• **Assignment**
Copy the lines below, please, starting with the one that contains "Casco Proline autografiado" and ending with the last. Pictures stay out.

• **Extracted data**
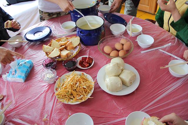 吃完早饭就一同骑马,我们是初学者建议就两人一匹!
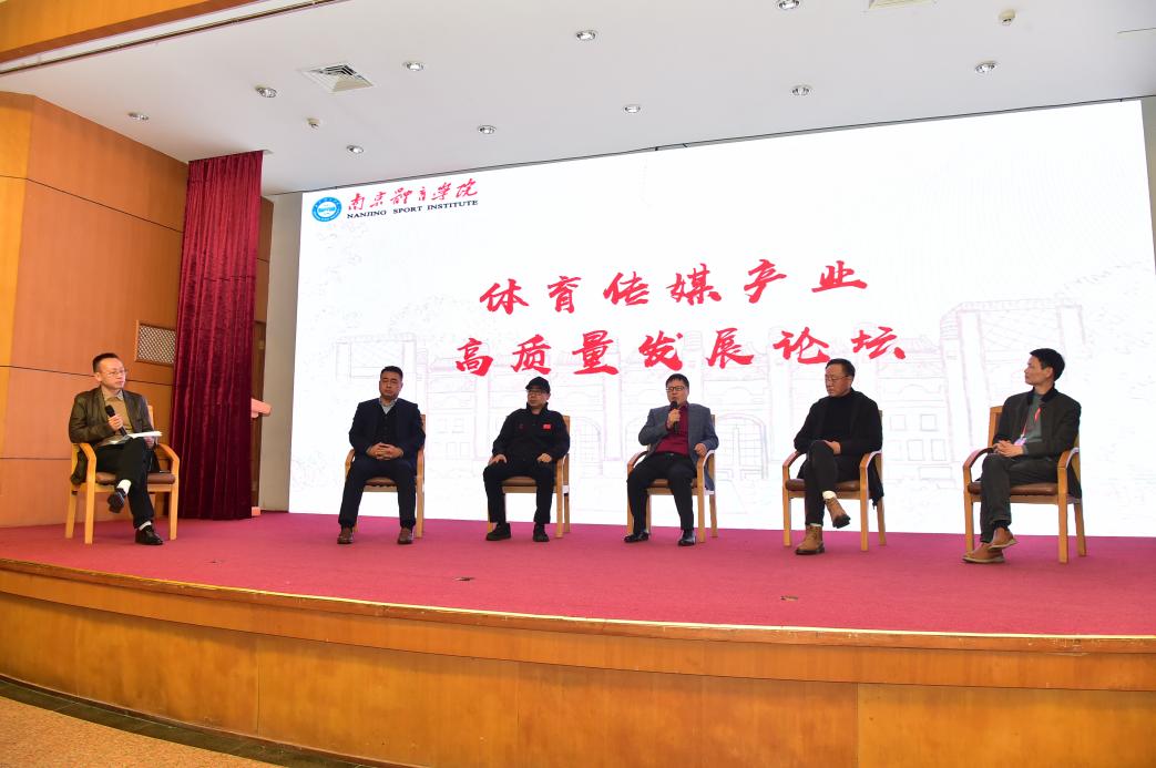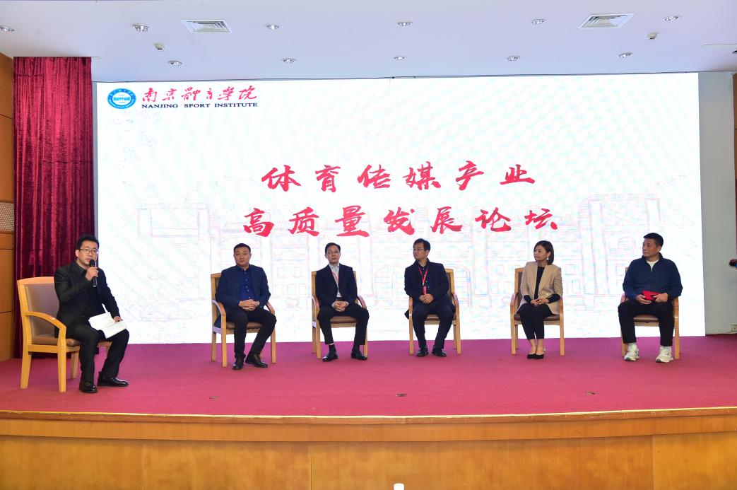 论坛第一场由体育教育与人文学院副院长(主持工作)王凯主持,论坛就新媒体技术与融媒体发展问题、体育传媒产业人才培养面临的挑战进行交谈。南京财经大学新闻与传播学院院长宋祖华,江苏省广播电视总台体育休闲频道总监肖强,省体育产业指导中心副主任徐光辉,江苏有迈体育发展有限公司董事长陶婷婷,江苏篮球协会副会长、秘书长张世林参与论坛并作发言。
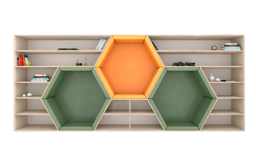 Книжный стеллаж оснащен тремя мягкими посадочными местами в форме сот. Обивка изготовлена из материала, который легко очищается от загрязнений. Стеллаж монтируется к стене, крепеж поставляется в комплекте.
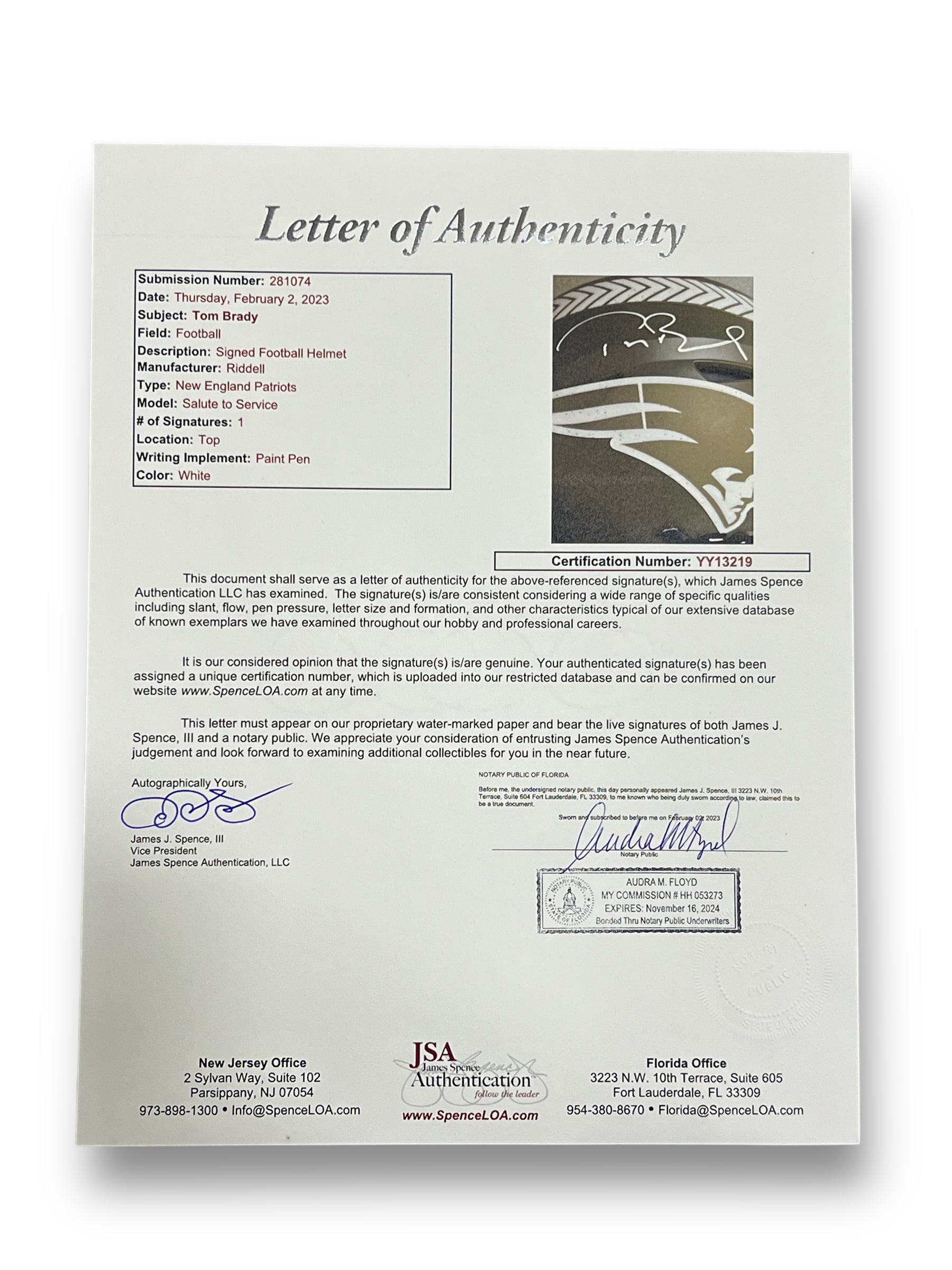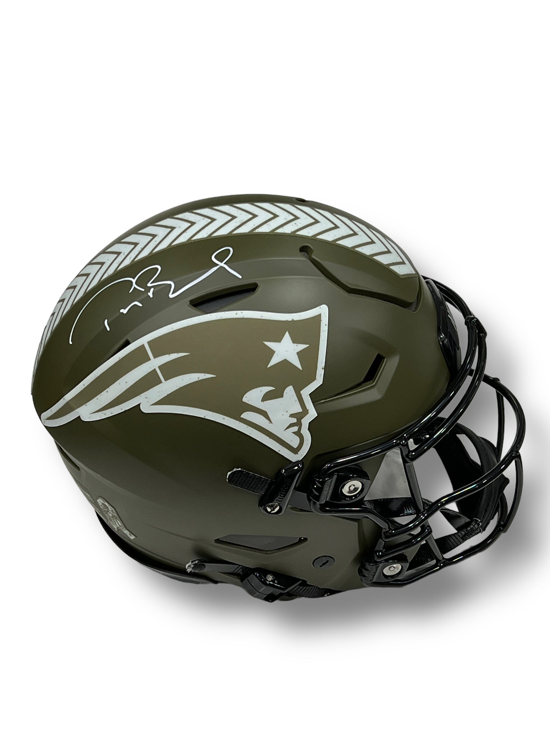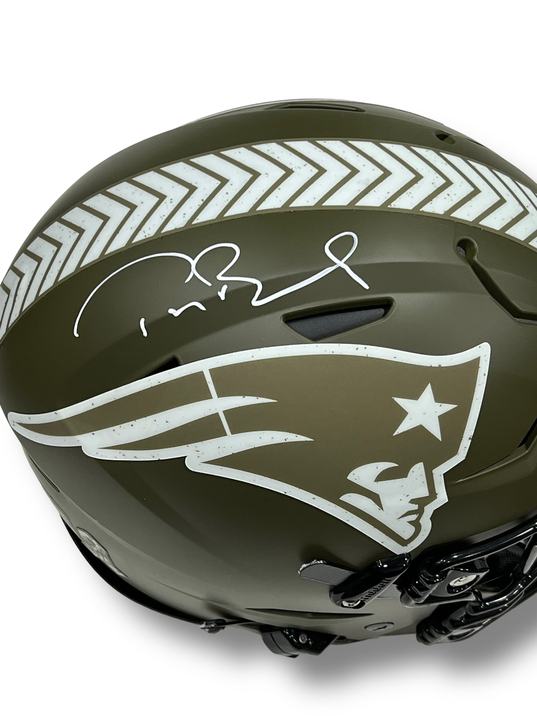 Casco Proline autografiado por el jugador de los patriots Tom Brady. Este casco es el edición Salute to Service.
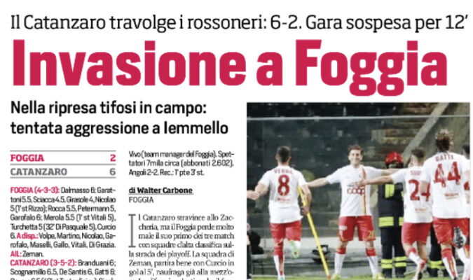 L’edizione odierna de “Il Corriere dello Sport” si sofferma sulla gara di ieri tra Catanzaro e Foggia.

• **Solution to this exercise**
 Casco Proline autografiado por el jugador de los patriots Tom Brady. Este casco es el edición Salute to Service.
 L’edizione odierna de “Il Corriere dello Sport” si sofferma sulla gara di ieri tra Catanzaro e Foggia.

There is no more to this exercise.